John Button (born 9 February 1944 in Liverpool, England) is a Western Australian man who was the victim of a significant miscarriage of justice. Button was wrongfully convicted of the manslaughter, by vehicle impact, of his girlfriend, Rosemary Anderson, in 1963. He was sentenced to 10 years in prison, and released in 1968. The conviction was quashed in 2002. The murder for which Button was wrongfully convicted had actually been committed by serial killer Eric Edgar Cooke. He was one of two men to be wrongfully convicted of murders committed by Cooke, the other being Darryl Beamish. Although Beamish had only become a suspect since he was a burglar and convicted child molester, Button was completely innocent of any crime.

==Vindication==
Several appeals to courts or for ministerial intervention were unsuccessful. In 1998, a Western Australian journalist, Estelle Blackburn, advanced the cause of Button's vindication through her book Broken Lives. Following the book's publication the case went before the courts again with Button represented by Tom Percy QC and Jonathan Davies both of whom worked pro bono on the case.
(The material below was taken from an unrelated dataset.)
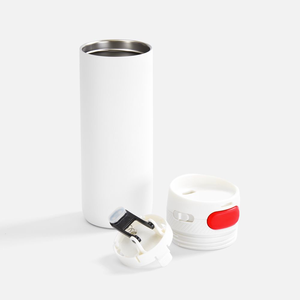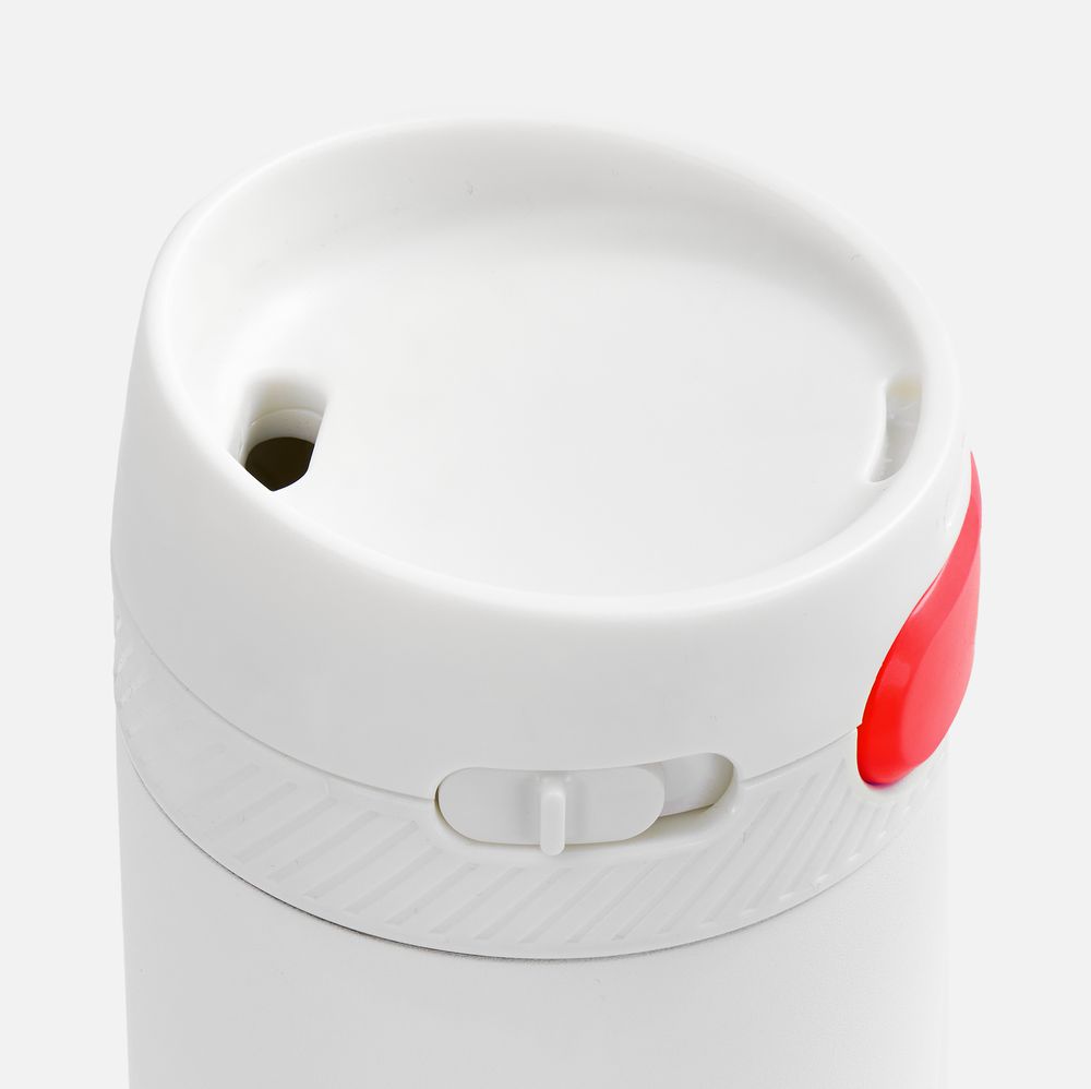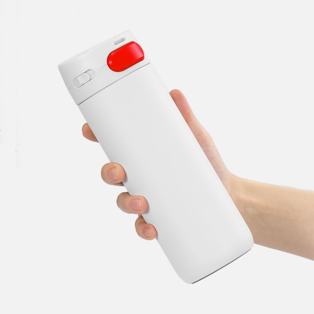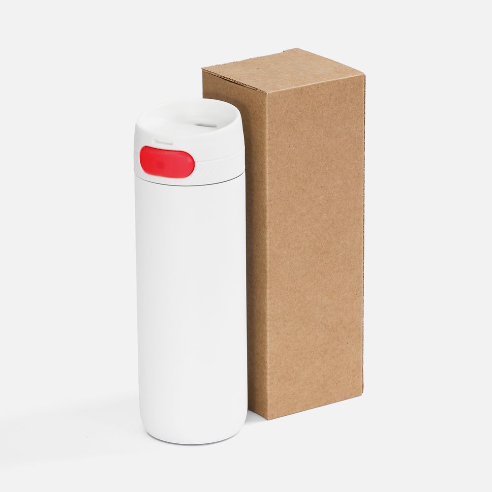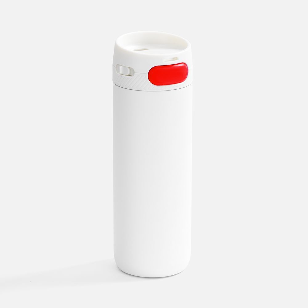 Термостакан X1 с цветной кнопкой, белый с красным диаметр дна 7 см, высота 22,5 см; упаковка: 23,7х8,2х8,2 см

At the original trial the strongest evidence apart from Button's confession was that his 1962 Simca P60 Aronde sedan had damage consistent with an accident. Trevor Condron was the police officer who had examined John Button's Simca in 1963 but he had not been asked what could have caused the damage at the trial. He told the appeals court that while the car was damaged, the damage was not consistent with hitting a person and that three weeks before Anderson's death, Button had reported to police an accident with a Ford Prefect that had caused matching damage to that seen by Condron. This accident report had been known to police at the original trial but been discounted as irrelevant. The court also heard from Dr Neil Turner who had treated Anderson. He claimed that her injuries were not consistent with Button's vehicle. The world's leading pedestrian accident expert, American William "Rusty" Haight, was flown to Australia and testified that experiments with a biomedical human-form dummy, three Simca P60 sedans similar to that owned by John Button and a 1961/62 Holden EK sedan similar to the one serial killer Eric Edgar Cooke claimed he was driving when he hit Anderson, matched exactly Cooke's account and excluded the Simca.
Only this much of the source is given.